SKY SIGHTS: Daylight Time starts Sunday
(EDITOR’S NOTE: Mineral County Skies is written by Dr. Robert Doyle, professor emeritus of Frostburg State University, for use by the Mineral Daily News Tribune. Doyle taught at FSU and was its planetarium director for more than 40 years.)
This week, dawn in Keyser starts at 6:26 a.m., sunrise is at 7:24 a.m., midday is at 1:24 p.m., sunset is at 7:24 p.m. and dusk ends at 8:22 p.m., with 12 hours of sunlight. The sun shines in Aquarius through March 23.
On Sunday, March 14, in the shift to daylight time, clocks are set ahead an hour in the early morning hours. Sunrise will then come an hour later and there will be one less hour for evening star gazing. Mexico and Canada also observe daylight time. On March 17, day and night are each 12 hours. On the first day of spring on March 20, daylight is 7 minutes longer than night due to the sun’s image bending upward at sunrise and sunset.
The moon now grows in lighted width in the evening sky. On the evening of March 19, the moon will appear to the left of the planet Mars. In the 6:45 a.m. dawn sky, bright Jupiter and Saturn can be seen low in the southeast. Low in the south is the bright pink star Antares of the Scorpion, which appears as a starry J. Nearly overhead is the bright white-blue star Vega. High in the west is the bright golden star Arcturus.
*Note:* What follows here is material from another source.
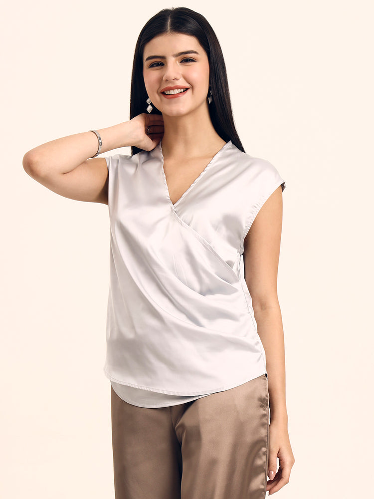 Elevate your everyday style with this elegant satin wrap top. Crafted from luxury satin fabric, it offers a luxurious sheen and a smooth, soft touch against the skin. The chic wrap-style design with a deep V-neckline adds a flattering silhouette, while the cap sleeves give it a modern and versatile appeal. Perfect for both office wear and evening outings, this top pairs effortlessly with trousers, skirts, or jeans for a sophisticated look.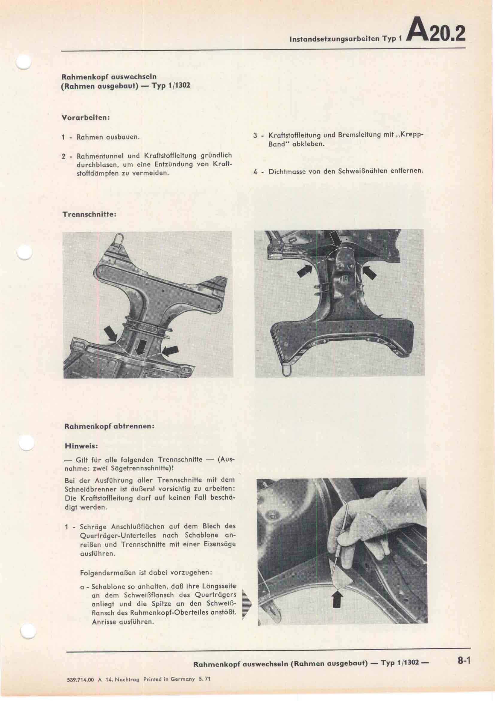 Rahmenkopf auswechseln (Rahmen ausgebaut) - Typ1/1302

The Big Dipper (seven stars) is easily spotted in the dawn northern sky with its handle stars high and bowl stars below. The two lowest bowl stars point right to the North Star. Notice that the brighter stars have tints compared to the modest stars. This is because the brighter stars display more color due to more light or photons entering one’s eyes. The bluest stars, such as Vega, are hotter and have more shorter waves that one sees. The redder stars, such as Antares, are cooler and give off longer waves. Star colors are also enhanced when viewing the stars with binoculars. This is even more noticeable when using a telescope, which collects more light than binoculars.OK
In the evening sky, Orion with his three-star belt is still prominent, but each week drifts westward due to Earth’s motion about the sun. Orion’s two brightest stars are markedly different in tints. Betelgeuse, the bright pink star, is in Orion’s shoulder, while Rigel is a bright white-blue star in Orion’s foot. Sirius, the night’s brightest star, blazes low in the south. Betelgeuse is a red supergiant star about half as hot as the sun, while Rigel is one of the most powerful stars in this region of the galaxy and three times as hot as the sun. Look at Betelgeuse and then at Rigel to see a marked difference in tints.